Top Secret: DIA embraces Web 2.0
February 23, 2007 (Computerworld) -- The U.S. Department of Defense's lead intelligence agency is using wikis, blogs, RSS feeds and enterprise "mashups" to help its analysts collaborate better when sifting through data used to support military operations.
The Defense Intelligence Agency (DIA) is seeing "mushrooming" use of these various Web 2.0 technologies that are becoming critical to accomplishing missions that require intelligence sharing among analysts, said Lewis Shepherd, chief of DIA's Requirements and Research Group at the Pentagon.
The tools are helping DIA meet the directives set by the 9/11 Commission and other entities for intelligence agencies to "improve and deepen our collaborative work processes," he said.
DIA first launched a wiki it dubbed Intellipedia in 2004 on the Defense Department's Joint Worldwide Intelligence Communications System (JWICS), a top-secret network that links all the government's intelligence agencies.

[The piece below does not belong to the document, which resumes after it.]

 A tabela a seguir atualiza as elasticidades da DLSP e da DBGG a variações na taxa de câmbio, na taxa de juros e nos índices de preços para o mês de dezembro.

"The collaboration potential of the social software side is really being thoroughly vetted and is now rapidly being adopted," Shepherd said. "Across agencies, wikis and blogs are becoming as ubiquitous as e-mail in terms of information sharing."
Although the agency's mission of providing intelligence to support military planning and weapons acquisition could easily fit into any spy novel or Hollywood blockbuster, Shepherd said DIA's analysts are similar to workers in other industries in that "they rely upon and demand instant gratification" for their information needs.

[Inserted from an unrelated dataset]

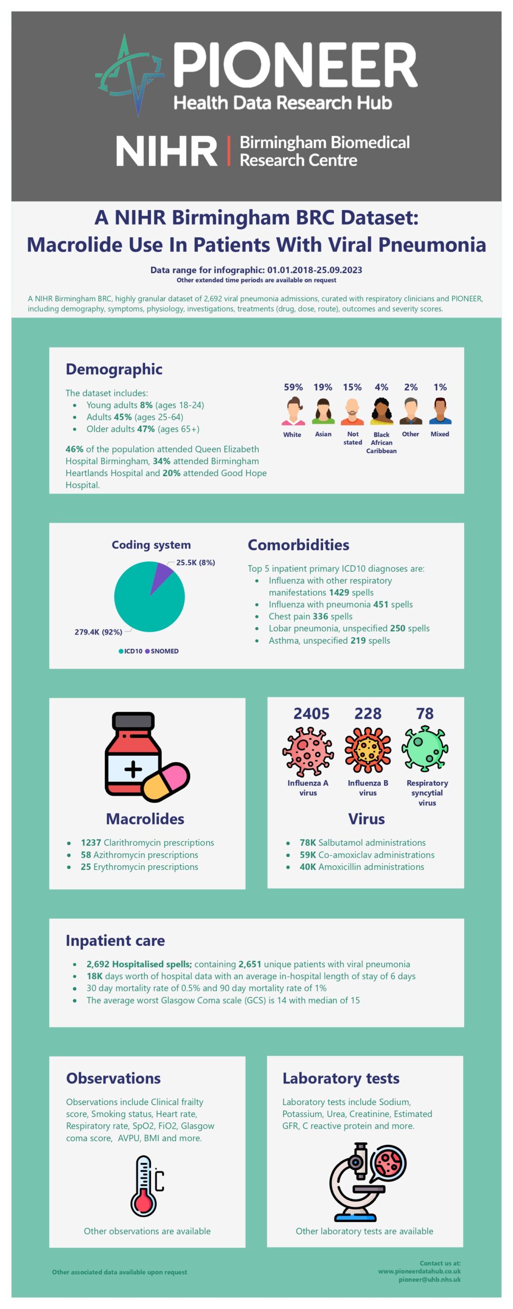 PIONEER and the NIHR Birmingham BRC Infections and Acute Care theme have curated a highly granular dataset of 2,692 viral pneumonia admissions, working with Respiratory specialists. The data includes demography, serial physiology, investigations, treatments (drug, dose, route), diagnostic codes (ICD-10 & SNOMED-CT), initial presentation, presenting symptoms, outcomes, and several severity scoring systems including National Early Warning Score (NEWS2), Clinical Frailty Score (CFS), Glasgow Coma Score (GCS) and AVPU score (Alert, Voice, Pain, Unresponsive). It also includes results from viral swabs and standard microbiological tests.

"One of the virtues of a wiki format is that there is a blurred line between authoring and dissemination," he added. "The second something is authored, someone else can edit it [while others can] comment upon those edits."

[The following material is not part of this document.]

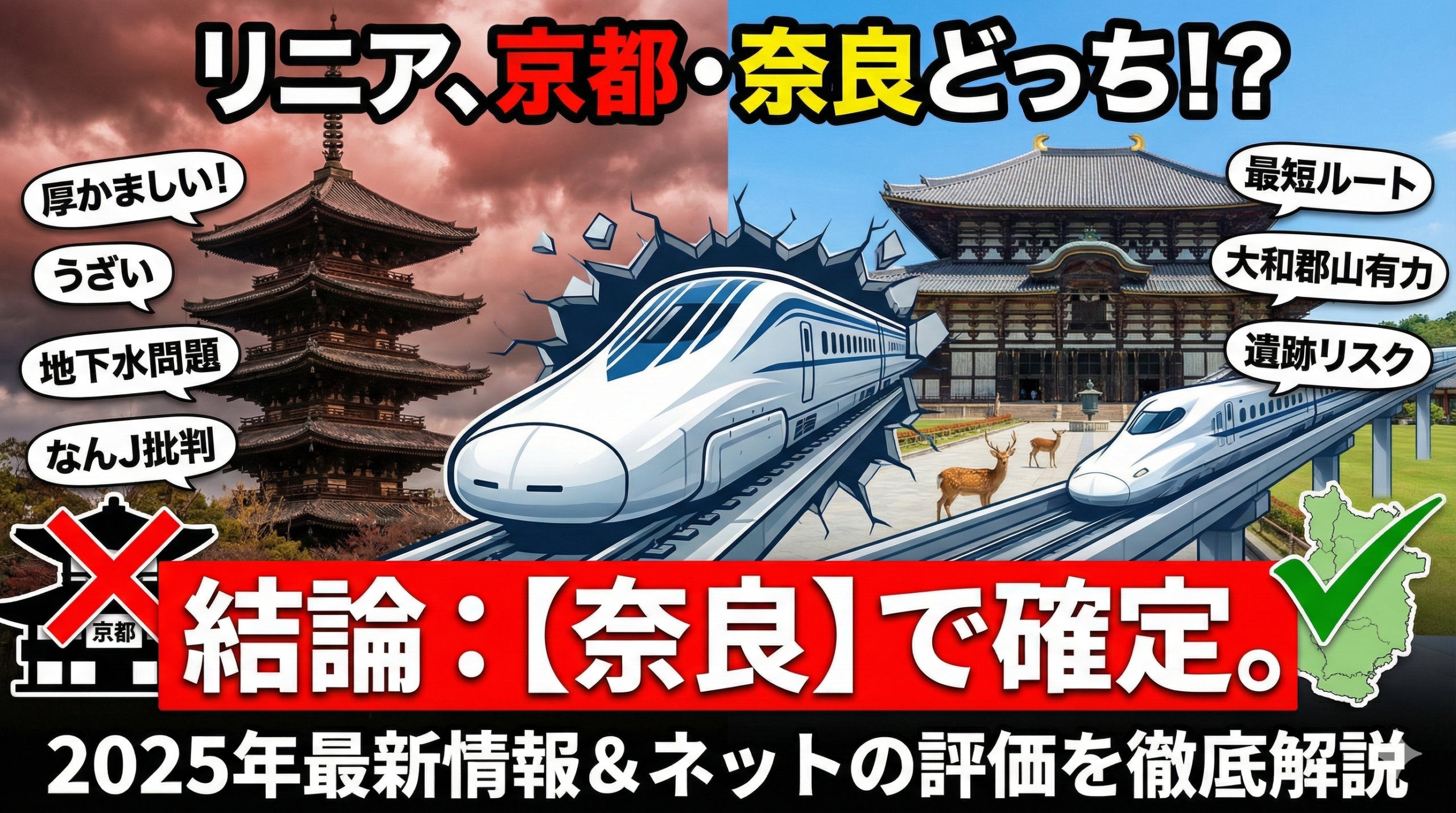 リニア中央新幹線の「京都か、奈良か」というルート争いは、単なる交通網の議論を超えて、SNSやネット掲示板(なんJ等)でも非常に高い関心を集めるトピックです。

The agency also is escalating its use of Asynchronous JavaScript and XML (AJAX), a programming method that uses JavaScript within the client to build applications that are more interactive than pages built with HTML and don't need to refresh a Web page every time a user enters or receives new data.
DIA last year began a project to create a data access layer in its architecture using a service-oriented architecture to pull together human intelligence (data gathered by people) and publicly available data gathered from the Internet and other sources into a single environment for analysis, Shepherd added. Analysis of data in this new environment will be done in part by using Web 2.0 applications, such as "mashups," that collect RSS feeds, Google maps and data from the DIA network that users can access with a lightweight AJAX front end, he added.
"Web 2.0 mashup fans on the Internet would be very much at home in the burgeoning environment of top-secret mashups, which use in some cases Google Earth and in some cases other geospatial, temporal or other display characteristics and top-secret data," Shepherd said.
Although he did not provide additional details of how the agency is using mashups, Shepherd did note that the DIA is using JackBe Corp.'s AJAX tools as part of its work to build this new type of application. JackBe has said publicly that DIA is using its Overwatch application built with its NQ Suite of AJAX tools. Overwatch is made up of a personalized, desktop-like dashboard that can display intelligence data stores through a standard browser, JackBe officials have said.
Prabhat Agarwal, manager of information security industry analysis at Input Inc., a research firm that specializes in governmental issues, said that the DIA and other defense agencies are the most advanced users of Web 2.0 tools in the federal government to date because they have a more secure IT infrastructure.